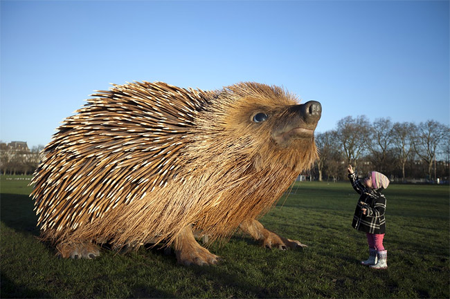 冬眠了兩個月,一隻巨型刺蝟甦醒了! 一個團隊的雕塑家花兩個月的時間,將2000根軟木釘、人造毛及椰子纖維編織打 ……
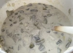 Filety śledziowe opłucz i pokrój w kostkę. Równolegle ugotuj ziemniaki w mundurkach. Do zimnego wywaru dodaj śledzie i śmietanę - dokładnie wymieszaj. Ugotowane ziemniaki obierz.
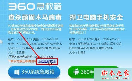 2、在“360系统急救箱”官网主页点击“360系统急救箱”;
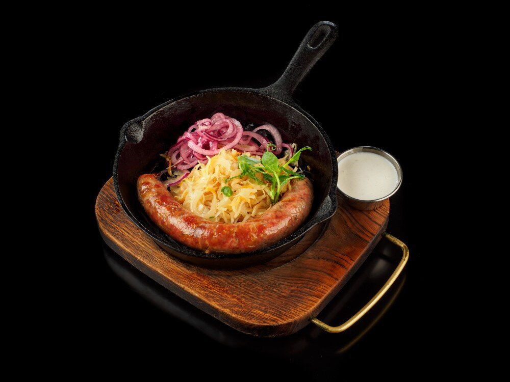 Свиная колбаса на гриле с капустой, тушённой в пиве, маринованным луком и соусом из сметаны и хрена
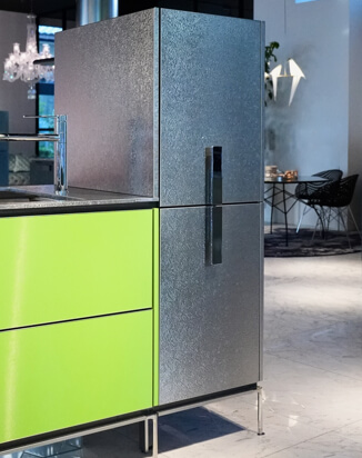 新たに、キッチンとフラットにつながり広々使える「ダイニングブロック」が登場。ダイニングからキッチンに手が届くため、出来上がった料理をスムーズにテーブルにサーブできます。ダイニング側の引き出し収納で、テーブルセットも楽々。
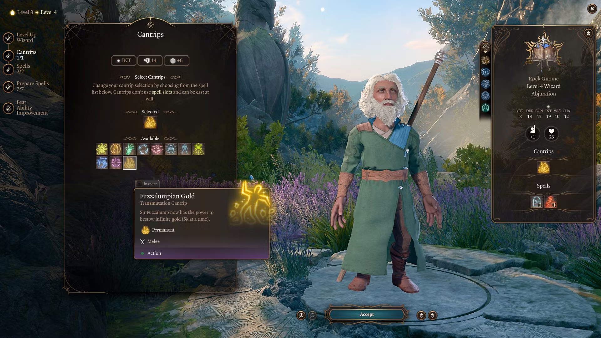 注意:虽然所有法师都可以使用此法术,但只有 侏儒 可以施放这个法术(出于主题原因)。对于可以由任何法师施放的版本,请参阅我创建的另一个模组:Conjure Gold for Baldur’s Gate 3 – mod.io
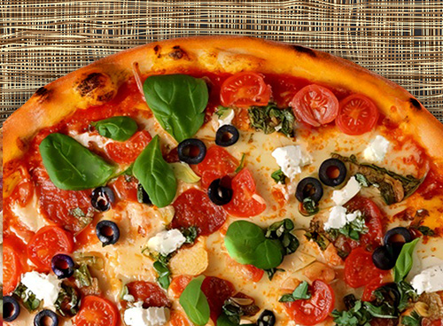Pepperoni, black olives, onions,fresh tomatoes, oregano & feta cheese
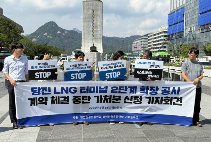 당진환경운동연합·충남환경운동연합·기후솔루션은 18일 오후 서울 광화문 광장에서 가진 기자회견에서 한국가스공사의 당진 LNG 수입터미널 2단계 확장사업의 공사계약과 관련하여 '계약체결금지 가처분'을 제기했다고 밝혔다. 가처분과 함께 한국가스공사에 당진 LNG 터미널 2단계 확장 공사의 계약 절차 진행을 즉각 중단할 것을 요청하며, 탄소중립에 부합하는 가스 수요를 바탕으로 인프라 건설 및 운영 계획을 재검토할 것을 촉구했다.
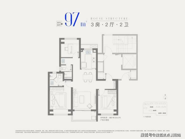 (三)建面约 97㎡三房两厅两卫 —— 进阶改善之选
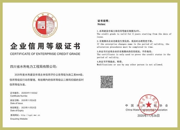 水利建設市場主體信用AAA證書
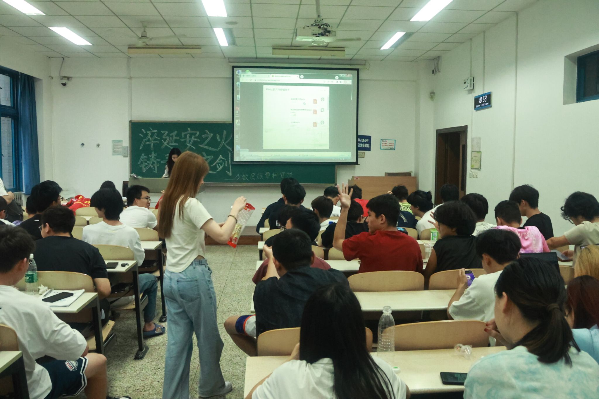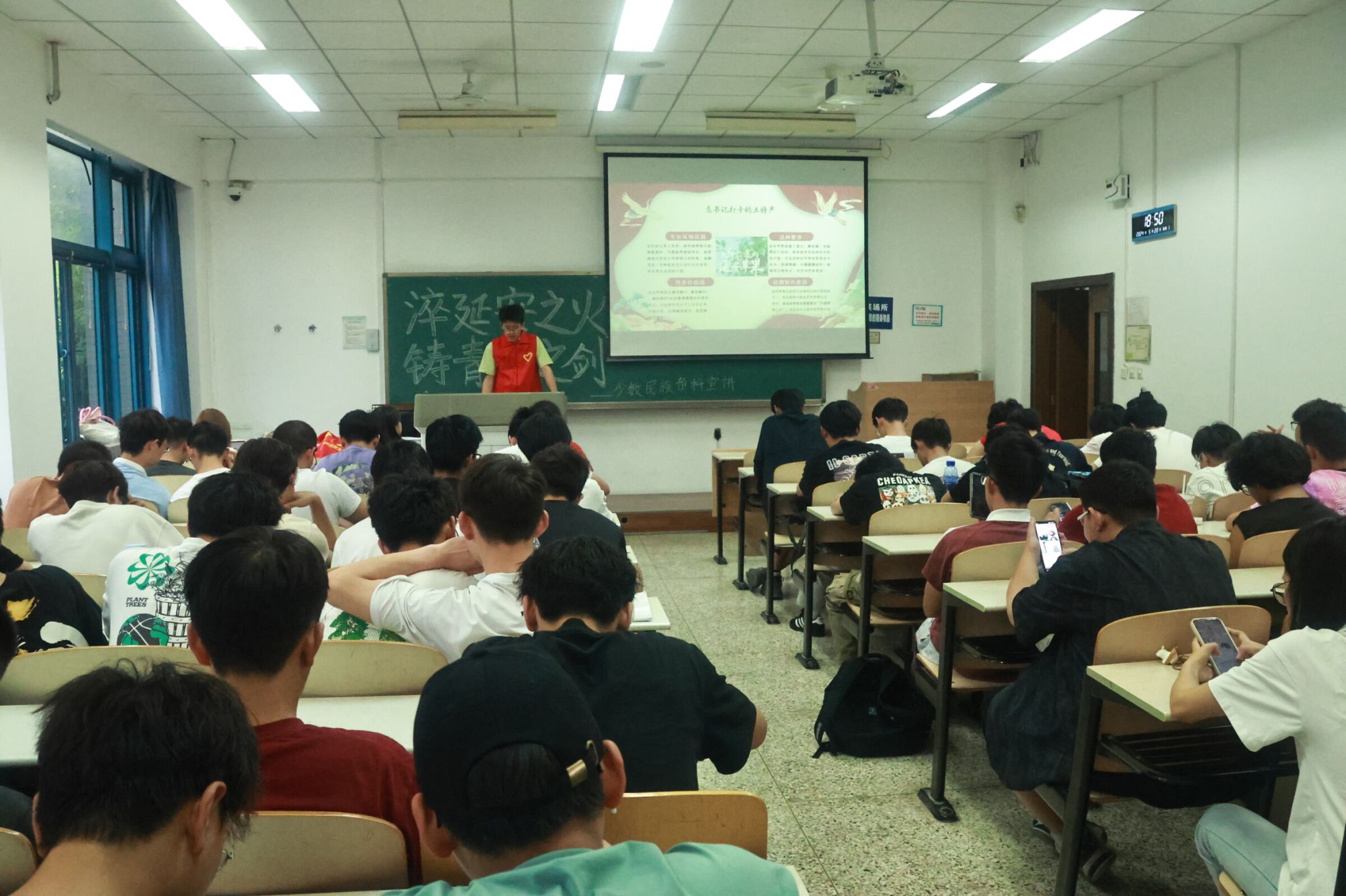 宣讲队成员们用生动的语言、丰富的图片和视频资料,向预科班的同学们介绍了延安精神的形成发展历史和政治内涵,讲解过程中将延安小故事和青年运动大事记巧妙穿插其中,给同学们带来了一场别开生面的第二课堂思政课,并就当代青年应如何继承宣扬延安精神提出实践性建议。
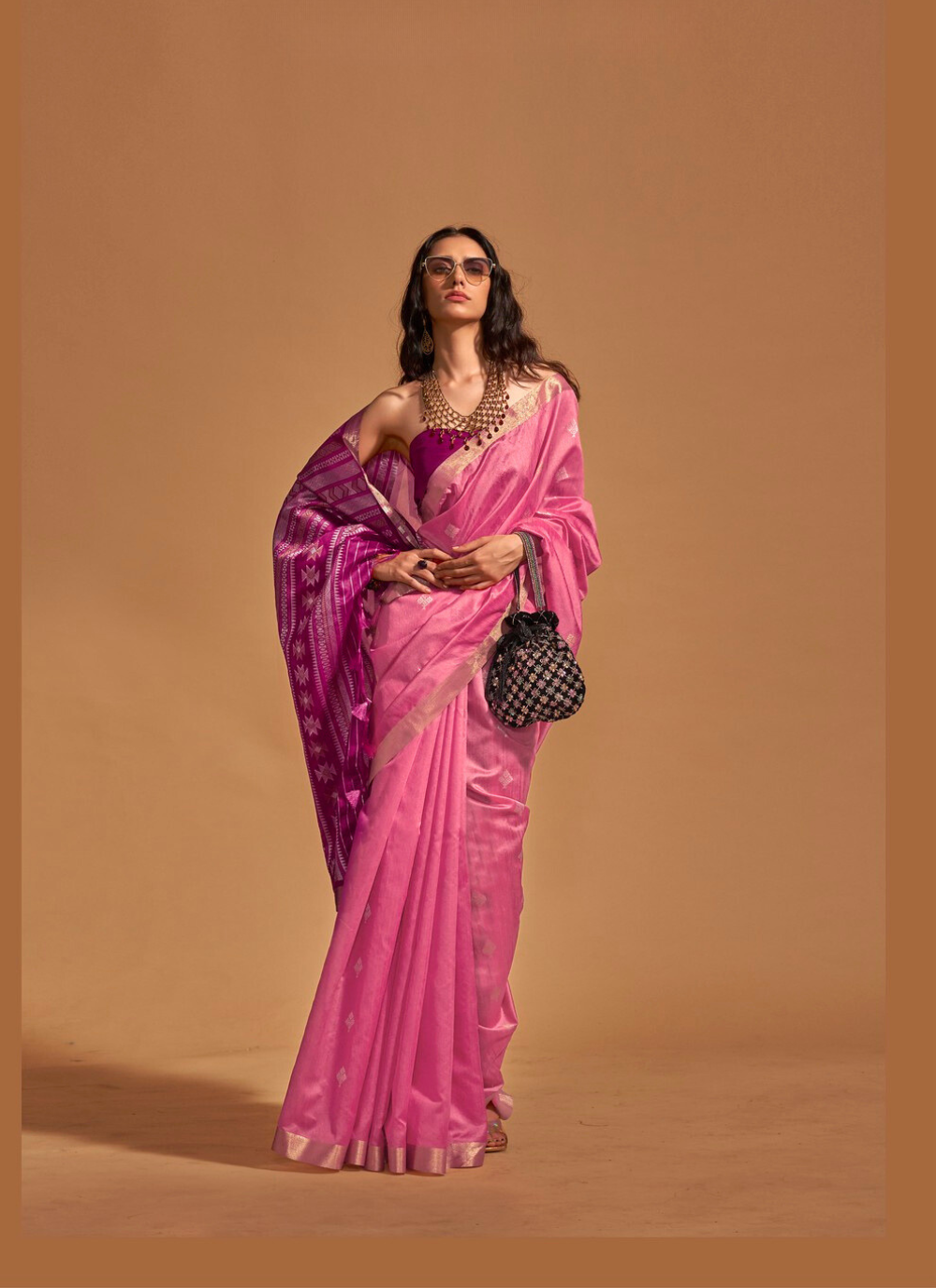 Wrap yourself in elegance and grace with our Royal Orchid Ensemble, a Woven Kanjivaram Silk Saree in vivid colors. The luxurious weight and texture of the silk drapes beautifully, perfect for special occasions. Combining tradition and contemporary fashion, this saree is a timeless treasure for any woman's wardrobe.
* * * * *
Copy nothing but the lines above that run from the one with "Pepperoni, black olives, onions,fresh" to the one with "宣讲队成员们用生动的语言、丰", ends included; pictures stay out.

Pepperoni, black olives, onions,fresh tomatoes, oregano & feta cheese
 당진환경운동연합·충남환경운동연합·기후솔루션은 18일 오후 서울 광화문 광장에서 가진 기자회견에서 한국가스공사의 당진 LNG 수입터미널 2단계 확장사업의 공사계약과 관련하여 '계약체결금지 가처분'을 제기했다고 밝혔다. 가처분과 함께 한국가스공사에 당진 LNG 터미널 2단계 확장 공사의 계약 절차 진행을 즉각 중단할 것을 요청하며, 탄소중립에 부합하는 가스 수요를 바탕으로 인프라 건설 및 운영 계획을 재검토할 것을 촉구했다.
 (三)建面约 97㎡三房两厅两卫 —— 进阶改善之选
 水利建設市場主體信用AAA證書
 宣讲队成员们用生动的语言、丰富的图片和视频资料,向预科班的同学们介绍了延安精神的形成发展历史和政治内涵,讲解过程中将延安小故事和青年运动大事记巧妙穿插其中,给同学们带来了一场别开生面的第二课堂思政课,并就当代青年应如何继承宣扬延安精神提出实践性建议。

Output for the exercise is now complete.